LP 791-18 d was found in some of the data from NASA’s now-dead Spitzer Space Telescope before it was decommissioned in 2019, as well as in data from NASA’s Transiting Exoplanet Survey Satellite (TESS).
What Makes It Earth-Like?
The planet orbits within its star’s habitable zone—close enough for liquid water to exist on its surface—and is suspected to be geologically and able to maintain an atmosphere. The temperature on LP-791-18 d is only slightly higher than on Earth, largely because its host star is so small and cool.

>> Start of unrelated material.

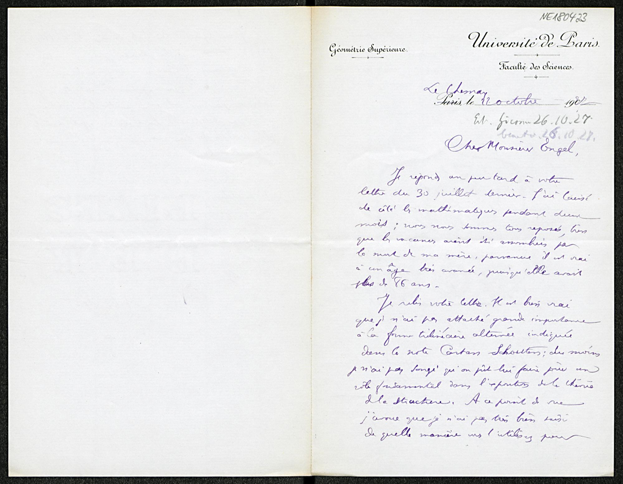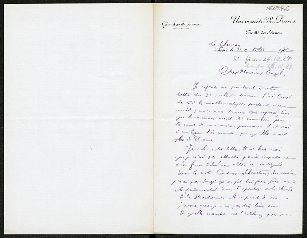 Brief von Élie Cartan an Friedrich Engel vom 22.10.1927

However, the newly found planet might be considered Earth-like, but that comparison only goes so far. LP 791-18 d orbits its star in just 2.8 Earth-days and is tidally locked, with a permanent day-side and night-side. Only on the latter could water condense on its surface, suspect the researchers.
“The main discovery here is that we found a planet the size of Earth, much smaller than the planets b and c,” said co-author Ian Crossfield, associate professor of physics and astronomy at the University of Kansas. “We don’t really know if it has an atmosphere, or if it has water, or if it has life, or if it could support life. We don’t know any of that.”

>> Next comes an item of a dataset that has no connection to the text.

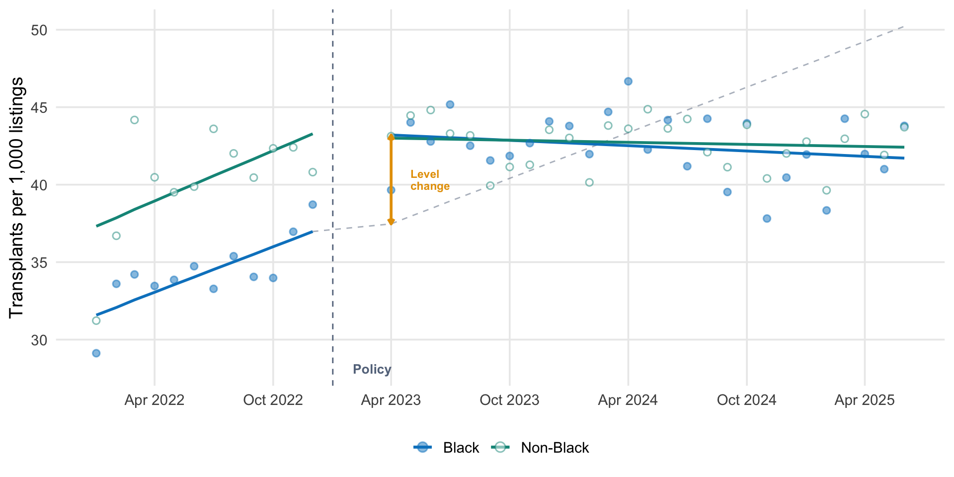 # Generate predictionsits_data <- its_data |>mutate(fitted =if_else( race_group =="Black",predict(fit_black, newdata =pick(everything())),predict(fit_nonblack, newdata =pick(everything())) ) )# Counterfactual: extend pre-intervention trend into post period# Create a separate data frame that spans from last pre month through all post monthsblack_pre_last <- its_data |>filter(race_group =="Black", post ==0) |>slice_max(time)black_post <- its_data |>filter(race_group =="Black", post ==1)# Build counterfactual line from last pre-intervention month through endcf_times <-c(black_pre_last$time, black_post$time)cf_months <-c(black_pre_last$month, black_post$month)cf_values <-coef(fit_black)["(Intercept)"] +coef(fit_black)["time"] * cf_timescf_line <-tibble(month = cf_months, counterfactual = cf_values)# Also compute counterfactual at all time points for the level change annotationits_data <- its_data |>mutate(counterfactual =if_else( race_group =="Black",coef(fit_black)["(Intercept)"] +coef(fit_black)["time"] * time,NA_real_ ) )# Compute level change for annotationblack_post_start <- black_post |>slice_min(month)black_cf_at_post <-coef(fit_black)["(Intercept)"] +coef(fit_black)["time"] * black_post_start$timeblack_fitted_at_post <-predict(fit_black, newdata = black_post_start)effect_y_top <- black_fitted_at_posteffect_y_bot <- black_cf_at_posteffect_x <- black_post_start$monthggplot(its_data, aes(x = month, color = race_group, fill = race_group)) +# Counterfactual for Black: from last pre-intervention month through postgeom_line(data = cf_line, aes(x = month, y = counterfactual),linetype ="dashed", color = ghr_slate, alpha =0.5,inherit.aes =FALSE) +# Fitted lines (pre and post separately)geom_line(data =filter(its_data, post ==0),aes(y = fitted), linewidth =1) +geom_line(data =filter(its_data, post ==1),aes(y = fitted), linewidth =1) +# Observed datageom_point(aes(y = rate), size =2, alpha =0.5, shape =21, stroke =0.8) +# Policy linegeom_vline(xintercept =as.Date("2023-01-01"), linetype ="dashed",color = ghr_slate, linewidth =0.5) +# Level change annotationannotate("segment",x = effect_x, xend = effect_x,y = effect_y_bot, yend = effect_y_top,color = ghr_orange, linewidth =1,arrow =arrow(length =unit(0.15, "cm"), ends ="both")) +annotate("text", x = effect_x +30,y = (effect_y_bot + effect_y_top) /2,label ="Level\nchange", size =3, color = ghr_orange,fontface ="bold", lineheight =0.9, hjust =0) +annotate("text", x =as.Date("2023-02-01"),y =min(its_data$rate) -1,label ="Policy", size =3.5, color = ghr_slate,fontface ="bold", hjust =0) +scale_color_manual(values =c("Black"= ghr_blue,"Non-Black"= ghr_teal),guide =guide_legend(override.aes =list(shape =21, size =3,fill =c(ghr_blue, "white")))) +scale_fill_manual(values =c("Black"= ghr_blue,"Non-Black"="white"), guide ="none") +scale_x_date(date_breaks ="6 months", date_labels ="%b %Y") +labs(x =NULL, y ="Transplants per 1,000 listings",color =NULL) +theme(legend.position ="bottom",panel.grid.minor =element_blank())

How Do They Know It’s Volcanic?
Researchers suspect there are volcanoes and possibly even an ocean of magma, but there’s no firm proof. The clues come from the fact that LP 791-18 d orbits its star in between two other planets:
LP 791-18 b: 20% bigger than Earth that orbits in a little less than one Earth-day.

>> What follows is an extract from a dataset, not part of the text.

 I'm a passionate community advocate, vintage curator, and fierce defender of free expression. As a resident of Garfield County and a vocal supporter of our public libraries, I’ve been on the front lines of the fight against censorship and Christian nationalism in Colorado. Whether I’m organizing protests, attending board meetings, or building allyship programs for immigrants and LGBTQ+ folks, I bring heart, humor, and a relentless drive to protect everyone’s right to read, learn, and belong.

LP 791-18 c: 2.5 times Earth’s size that orbits in five Earth-days.
In the data, researchers could see the new planet passing very close to LP 791-18 c. Since the other planet is so massive, relatively speaking, its gravity tugs the tiny planet and forces it into an elliptical orbit, which squashes and deforms it enough to create internal friction that heats the planet’s interior. Cue that heat trying to escape as volcanic activity at its surface.
“The significant friction generated by tidal heating in the planet is responsible for heating its interior to a considerable extent, ultimately enabling the existence of a subsurface magma ocean,” said Caroline Piaulet, a Ph.D student at Université de Montréal, who was involved in the discovery. “In our solar system, we know that Jupiter’s moon Io is affected by Jupiter and its other moons in a similar way, and that world is the most volcanic we know.”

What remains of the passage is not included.